Francisco Diego is a Mexican plastic artist.

His most recent exposition “Mexico in a Blink” took place in San Francisco and will travel through United States along the year.

== Biography ==
Diego was born on October 26, 1991, in Torreón, Coahuila, México. At a very young age He moved to the historical city of Querétaro in Mexico where he started painting.

Influenced by his artistic background he left Querétaro to start his studies. He completed a design degree at Universidad Iberoamericana in Mexico City and Politecnico di Torino in Turin, Italy.
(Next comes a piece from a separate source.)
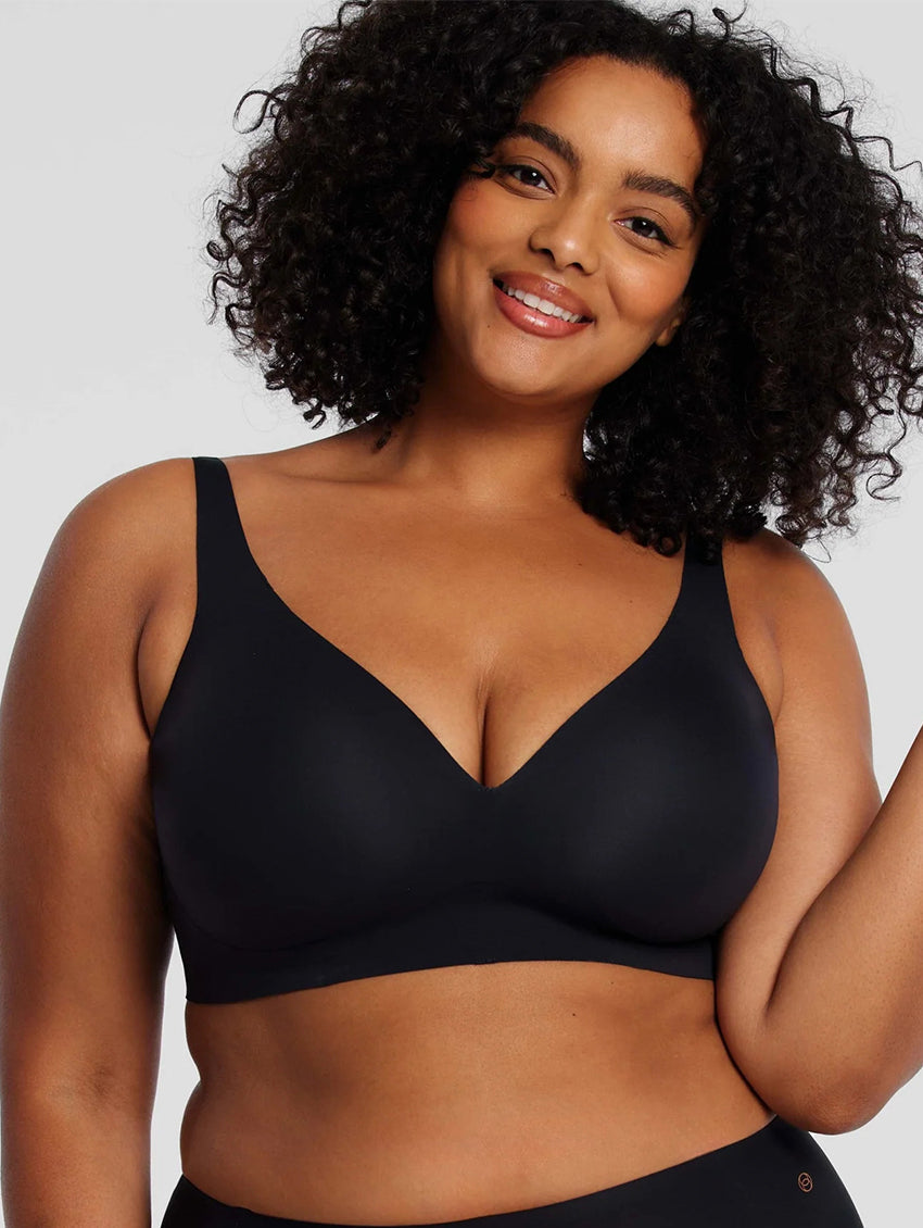 This incredible plunge style by Evelyn & Bobbie is smoothing and seamless - so comfortable you'll forget you're wearing it! The Starlette Plunge Bra provides amazing lift without a wire and feels weightless for everyday wear. This plunge design is their lowest neckline yet! With thinner straps and a hook and eye back closure this wonderful new addition is like the perfect blend of the Beyond and Evelyn styles. It also features removable pads, smoothing band and sides and no hardware for the utmost comfort.

He established his own studio in Mexico City.

== Philosophy ==
Life is like a white canvas, each line drawn, smooth or rough is an action taken. As in life, actions can’t be erased. The only thing to correct any misplaced stroke is to keep drawing and reinforcing the final silhouette. Aware of this poetic point of view about life, Francisco Diego only uses permanent black ink. If you stare closely at any Francisco Diego you might see all the previous strokes, making viewers wonder about the process of creation.

== Exhibitions ==

- "Al" Embassy in Mexico, Mexico City, 2018.
- "SNAC Gallery" Touring North America, 2018.
- "Ethos" in Museo Franz Mayer, Mexico City, 2018.
- "Mexico in a Blink", San Francisco, California, US, 2017–2018.
- "Black Dott", México City, 2018.
- "555 Project", Mexico City, 2017.
- "Dimensión −1", Museo de Arte Sacro, Querétaro, 2016.